I was trying to say that high fees for the consumer are the profit centers for the banks. (Which is why in my opinion the banks would never use Ripple.)
$10m implementation fee, plus it attempts to make the conversion from using xCurrent (which doesn't need XRP) to xRapid (which does), the incentive being that you save more.
And also, the banks make a ton of money using Swift. Even the Western Union and MoneyGrams of the world want to keep taking their huge cut. Even a new startup will have trouble getting traction in places where you can't exchange Ripple for fiat.
Add to all of this the fact that 60% of the tokens are held back. Who wants to take a large position in a currency when a single entity can flood the market anytime they want.

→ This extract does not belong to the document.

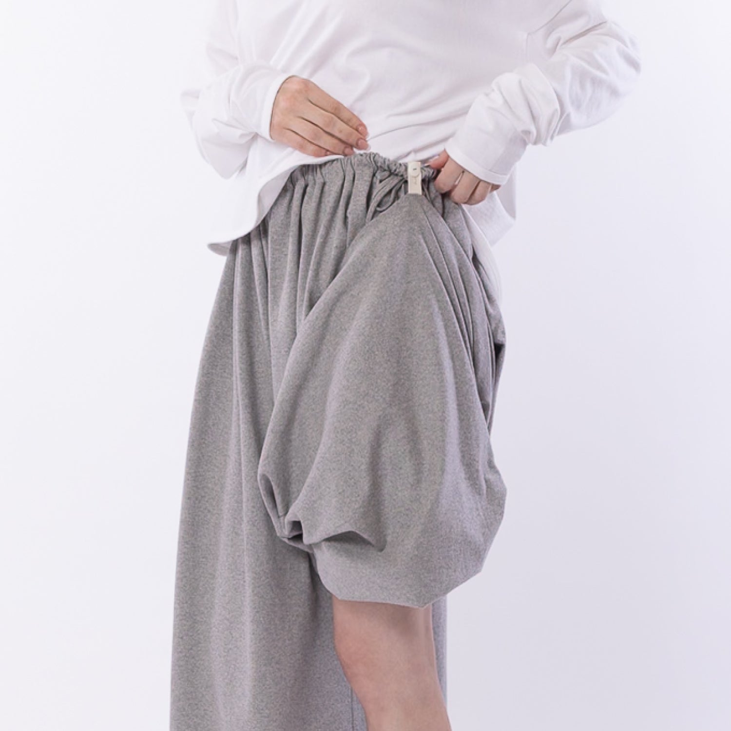 Detail      These are full-length wide-leg pants designed with a skirt-like silhouette, featuring a generously gathered waist. The waistband is elasticated, allowing you to adjust and style the gathers in various ways. For added convenience, tabs are sewn into the inner sides of the hem and can be buttoned to the inner sides of the waistband. This clever design prevents the hems from touching the floor when using the restroom. A drawstring is threaded through both the front and back of the waistband, so you can easily put the pants on or take them off by loosening just one side. There are pockets on both sides. The only difference between size 2 and size 3 is the length: Size 2 (M): 89 cm Size 3 (L): 95 cm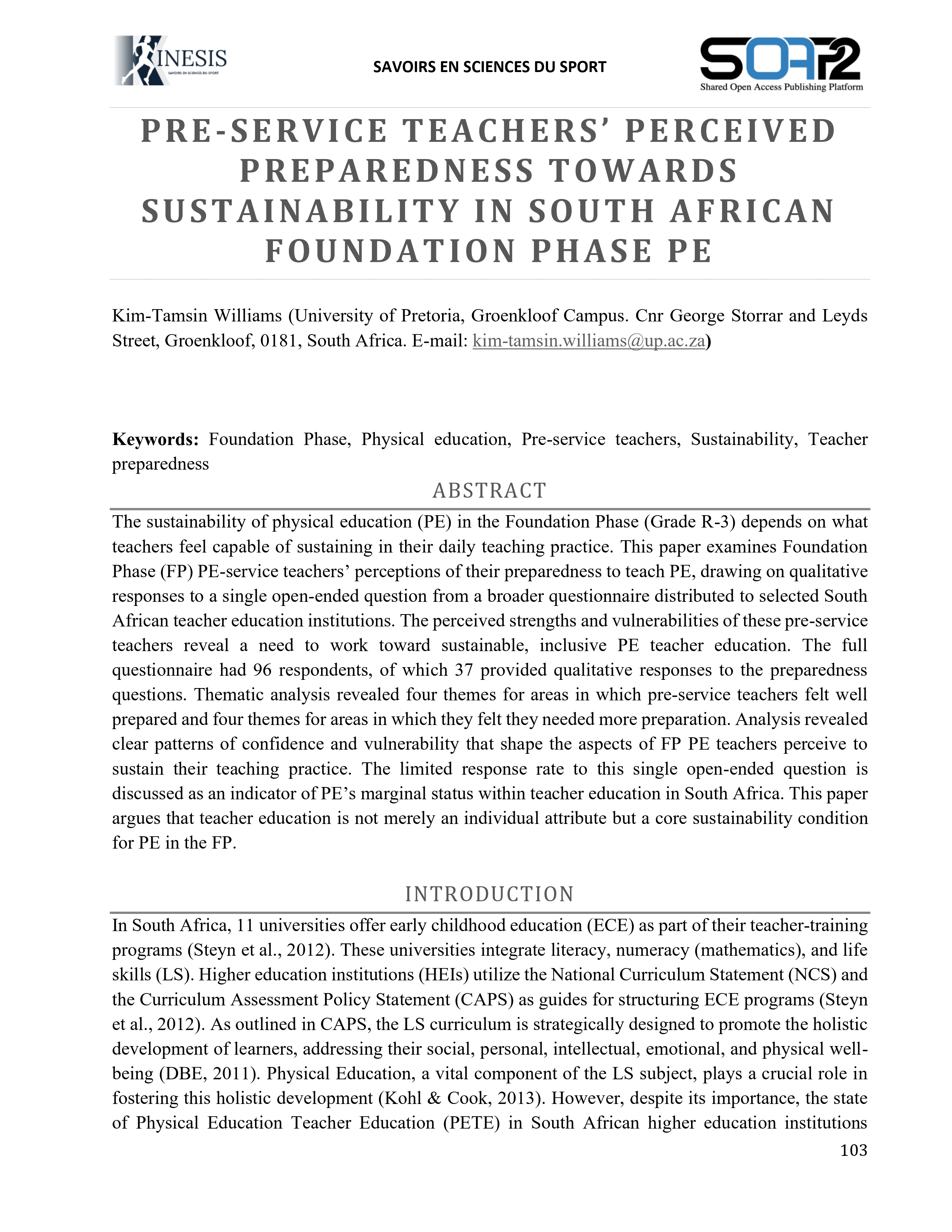 Pre-service teachers’ perceived preparedness towards sustainability in South African Foundation Phase PE

They can't. Their 60% is in escrow. 1 billion XRP is released each month and the remainder of the unused XRP is put back into escrow after that month. https://ripple.com/xrp/market-performance/
The advantage of using Ripple's platform versus Swift is it allows you to crowd source your Nostro and Vostro accounts, which frees up that capital to be invested elsewhere. Basically what Circle does except with a more native implementation.
There are plenty of examples of incumbent players being disrupted by new technology. Besides better interop, what do you reckon would a competitor need to offer for it to be compelling offering to banks?
Please present your research which does not simply state "XRP can be created out of thin air" without sources, that can be verified...because you can't.
Is that a guess? Greater demand -> better market value and greater trading volumes -> better liquidity because it requires less XRP to move x amount of money from A to B, and the market price is less likely to be affected by the move.
The majority of their XRP is in escrow contracts, so they physically can't flood the market with more than 1b a month.